Nestes tempos excepcionais os artistas aproveitaram para lançar um alerta sobre as condições em que desenvolvem o seu mister, pedindo que não os esqueçam e que também são vítimas das circunstâncias que paralisaram a economia mundial. Mas, na verdade, não é um vírus que paralisa os artistas e a suas actividades. 
Se é uma das pessoas que agora partilha os apelos para o reconhecimento da arte e da cultura, é provável que também faça parte das pessoas que acreditam que ser artista é uma condenação à pobreza e à precariedade.
A não ser que o artista seja uma personalidade pública. E aí caiba na categoria das pessoas que passam, com toda a facilidade, de bestiais a bestas. Só porque a admiração tem a capacidade de se transformar muito rapidamente em ódio e ressentimento, quando os seus alvos não correspondem à idealização que fazem deles. 
A maioria das pessoas não gosta de ser contrariada nos seus desejos, nem admite outra originalidade de comportamentos que não seja a sua.
Porque os artistas são como as mulheres que se atrevem a mostrar a sua beleza de uma forma mais livre: estão a pedi-las.
A maioria das pessoas gosta de ouvir música, de ver filmes, de partilhar imagens, textos e ideias nas redes sociais para mostrar que são pessoas interessantes.

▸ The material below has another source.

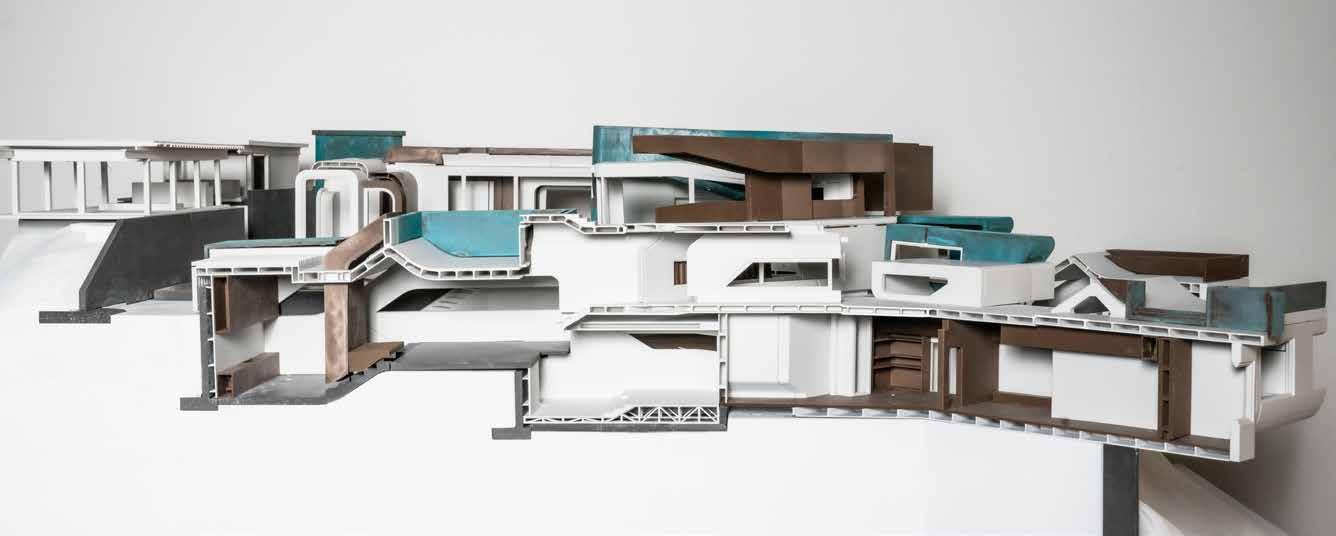 The natural topography informs the project’s geometry, generating forms inspired by earlier puzzle studies (as seen on page 7). These cascading elements create a series of cantilevered volumes that respond directly to the terrain.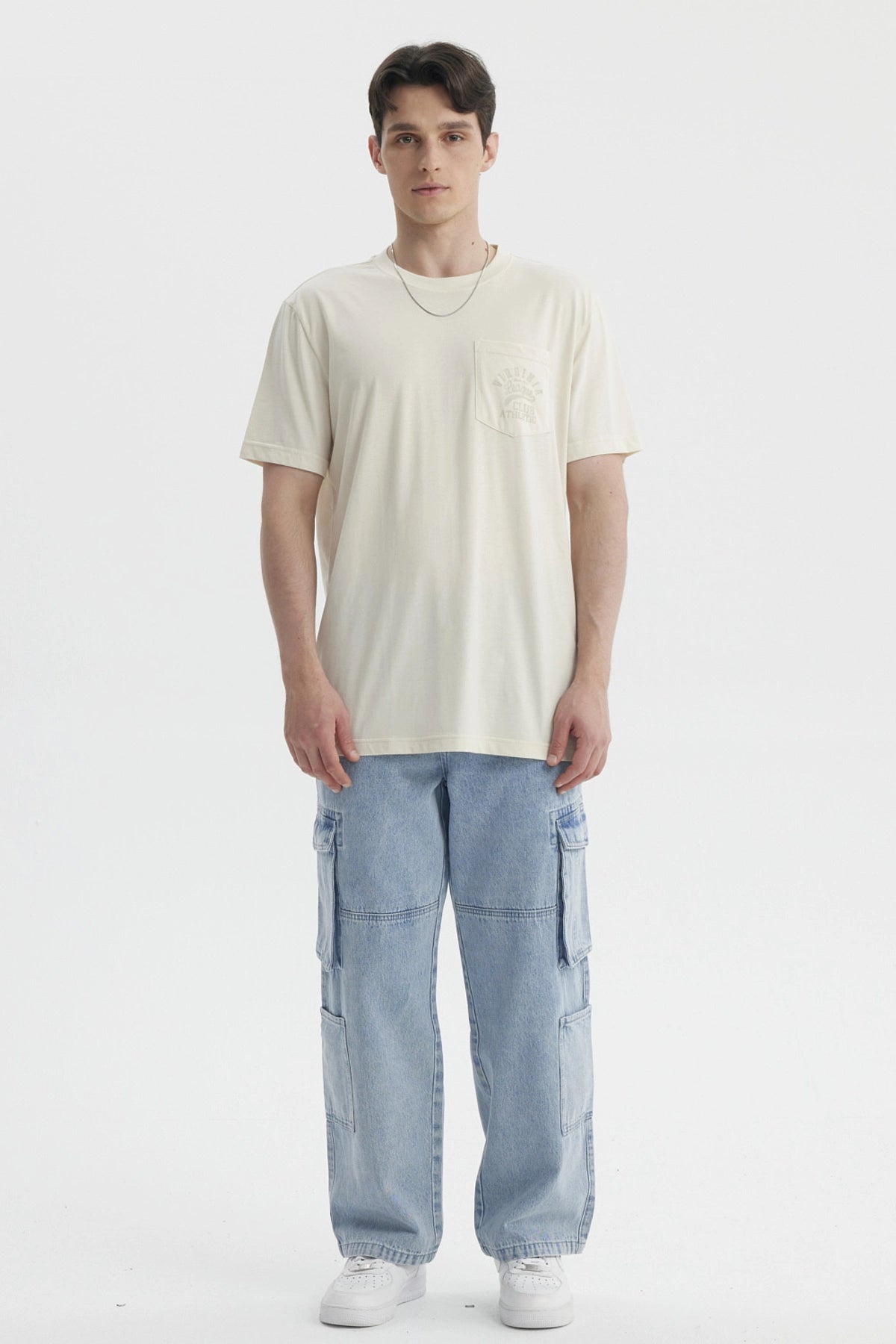 Inicio/Black Friday Vestuario/Polera Hombre Con Bolsillo Print Beige Claro

Acontece que, interessantes a sério são os artistas que criam essas peças.
Interessante é também o raciocínio que leva as pessoas a atacar os abusadores que ficam com a parte de leão da riqueza do mundo, mas não se importam de usar e abusar das criações dos artistas sem outra consequência emocional que a da pena e da solidariedade virtual.
O abuso que aprenderam a aceitar como normal, e que não se importam de praticar com os artistas é, no fundo, uma forma de discriminação. Como a que afecta as pessoas pelas suas orientações sexuais, religiosas, idade ou etnia. 

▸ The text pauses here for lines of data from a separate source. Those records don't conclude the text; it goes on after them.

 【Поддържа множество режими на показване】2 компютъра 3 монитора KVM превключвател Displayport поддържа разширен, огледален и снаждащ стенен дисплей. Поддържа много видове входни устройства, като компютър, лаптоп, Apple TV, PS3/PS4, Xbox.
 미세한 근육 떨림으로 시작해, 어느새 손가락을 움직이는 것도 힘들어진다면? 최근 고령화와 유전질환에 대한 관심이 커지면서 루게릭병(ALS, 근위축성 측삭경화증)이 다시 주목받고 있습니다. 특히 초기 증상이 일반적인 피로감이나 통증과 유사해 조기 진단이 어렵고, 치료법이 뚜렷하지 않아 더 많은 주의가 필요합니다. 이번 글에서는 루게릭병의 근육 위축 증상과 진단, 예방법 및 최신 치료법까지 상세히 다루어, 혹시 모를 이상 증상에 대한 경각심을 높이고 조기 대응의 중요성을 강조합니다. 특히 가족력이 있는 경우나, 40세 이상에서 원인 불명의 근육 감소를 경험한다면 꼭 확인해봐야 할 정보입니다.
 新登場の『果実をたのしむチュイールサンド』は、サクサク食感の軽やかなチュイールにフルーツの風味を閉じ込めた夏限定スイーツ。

Só que neste caso não suscita nenhuma emoção violenta, agressividade ou medo. Pelo contrário. As manifestações artísticas suscitam empatia, prazer, satisfação. Só não geram respeito ou reconhecimento de um valor material.
Nenhum ministério ou ministro da cultura logrou esse reconhecimento e a sua respectiva solução. Nenhum ministério ou ministro da educação jamais considerou sequer a preparação de matérias que corrigissem essa discriminação.
A natureza especial da arte e dos artistas é uma espécie de bem intangível só reconhecível depois da morte (e portanto, pelo reconhecimento da falta que faz). Até lá é como se não existisse para os artistas. Mesmo quem é capaz de gerar dividendos com a criação artística vê o resultado e o reconhecimento do seu trabalho.
O artista não. A sua condição é sinónimo de uma exploração que deixou de se tolerar em relação à escravatura e aos menos bafejados socialmente. Mas o estigma está aí e não há quem o desafie. Batem-se palmas, mas acabado o espectáculo vai tudo às suas vidas. E às partilhas de música, filmes, imagens que preenchem a vida de todos. Menos a dos artistas.